Dad’s 38-year-old Gulf letters


While looking for photographs for my “Gardens, roses and LTC” post earlier this week, I fell on an envelope that I did not – nor wanted to – open for 38 years.

Sure, I have seen and toyed with the envelope before. I put it on the table in front of me and looked at it several times. Each time I thought about it I ended trying to forget it. A couple of times I even slipped my fingers inside.

What the envelope contains are the last four letters I received from my father, Esa, between 30 October 1973 and 1 December 1973 -- four days before he was killed by a drunken driver in Bahrain.

A life so uselessly and tragically robbed by a young, irresponsible and drunk driver was all the more heartbreaking because Dad had just gone back to his first career and passion as a lawyer shortly after retiring from 30 years of loyal work as a civil servant.

He was always a bon viveur, much loved and respected by his friends and peers; a sports lover who was tennis champion and football player at the same time; a wonderful father who I would have loved to have known as an adult. We always joked that he looked a bit like Aristotle Onassis -- but without the money. He was generous to the extreme and our house was always open to everyone.

On retirement, he was excited to have landed a dream job with a law firm in Bahrain. The Gulf was still a mystery to us, so it was decided that my mum, Vicky, and I would live in Beirut. The understanding was that we would travel back and forth to see one another until he settled into the new job. The plans were for a Christmas 1973 family reunion.

He was a prolific letter-writer, which is something we rarely do now. The letters, two of them dated 17 November 1973 -- one typed and the second handwritten – were always close, but never read since that fatal day on 4 December 1973.

Why read them now? It may be part of the growing up process.
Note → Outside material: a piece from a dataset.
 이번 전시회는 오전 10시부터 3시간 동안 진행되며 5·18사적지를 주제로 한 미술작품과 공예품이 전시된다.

Or pain can possibly feel less piercing after 38 years… Who knows?

But when I saw a first sentence that read, “Many ships have passed through this Gulf since I wrote to you last…” which was only a week or two earlier from the dates on the letters, I couldn’t resist.

It was a trip to the past -- the typewriter I can remember so well, the turquoise ink Dad always filled his Parker pen with, his special handwriting. It was also an insight into his first months in the Gulf.
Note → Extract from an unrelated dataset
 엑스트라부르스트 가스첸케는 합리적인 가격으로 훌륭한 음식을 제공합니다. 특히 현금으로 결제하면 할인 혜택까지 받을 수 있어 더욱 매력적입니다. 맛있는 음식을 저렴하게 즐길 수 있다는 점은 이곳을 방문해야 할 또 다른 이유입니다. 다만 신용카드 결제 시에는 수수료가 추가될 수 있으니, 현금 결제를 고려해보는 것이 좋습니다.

I was surprised to learn he was planning to move to the Dubai or Abu Dhabi offices of his firm… “As I am expected to do early in 1974… I should have gone to Abu Dhabi four months ago; but every time I set to go more and more work pours in, very big and complicated work, and I have to stay to churn it out and to have more pile up on me.”

In the pre-Internet age, there’s one paragraph I found priceless. Dad tells me, “Did you know that Bahrain has all-color TV, no black and white, and it gets ARAMCO, Saudi Arabia, Kuwait, Qatar, Abu Dhabi and Iran stations as we used to get Rome in Tunis. I have a fine large and expensive SONY Radio which I will pass on to you at the first opportunity; I know how pleased you’d be to operate such a splendid Radio with 9 wave bands and FM.”
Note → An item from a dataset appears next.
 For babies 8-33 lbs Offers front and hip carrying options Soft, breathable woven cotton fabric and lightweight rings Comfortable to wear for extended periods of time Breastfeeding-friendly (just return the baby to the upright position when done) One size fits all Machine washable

In his letters Dad was trying to share his impressions of Bahrain and his surroundings: “I have bought a lot of postage stamps [my brother, Emile, collects them]… stamps of Fujeirah, Ras Al Khaimah, Dubai, Umm al-Qiwain etc… (all these being autonomous sheikhdoms federated in the U.A.E., United Arab Emirates).


“There are so many fascinating things here to buy, I hope one day you will come on a visit and see for yourself and pick up some items. Happily, gold and silver here is cheap. There is a terrific “Kashmere Emporium,” the loveliest handicraft and woodwork and so much jade of all colors in every object of art, too fascinating to describe and not at all expensive; some artful boxes will grace royal saloons studded with jade. Indian and Chinese silk is plenty and some Indian silk shawls with handwork design are breathtaking. If only I could send you a planeload of all these.”

At the end of one of the letters, he says: “We have taken on an office in a new building in Dubai with accommodation for living in by whosoever is going to man that office, which would in all probability be I when I shall be responsible for Muscat also.”

Dad was very excited that I had enrolled at law school and tells me I have “already been assigned to our Muscat branch…I am happy to know that you are finding pleasure in law studies; it will get more and more interesting year after year. Keep up the good work…”

Even then, the rents were high. Dad says: “Living in Bahrain is far more expensive than I had thought. Rents are high and so is cost of living since everything is imported by airplanes and with so many foreign companies with large personnel having to be accommodated at company’s expense and the companies having no taxes to pay – no income tax or any other tax existing in Bahrain – just pay any rent landlords demand.”

The weather has certainly not changed. In the 30 October 1973 letter he writes: “It is still scorchingly hot here and assailingly humid and I am beginning to wonder if it will ever cool down a bit in this area, We are almost 1 November and the heat is still in the 35-36 Centigrade and the humidity 95-98% but I seem to be managing well and you need have no worry about me.”

The letters mostly end in the same loving way: “…Remember that your Daddy is constantly thinking of you and in your future, bright and successful may it be… Nothing will make me happier than to know that you are progressing and doing well in your work. God bless you and keep you safe in his care and with all my love to you… Daddy”

All my love to you too, Daddy…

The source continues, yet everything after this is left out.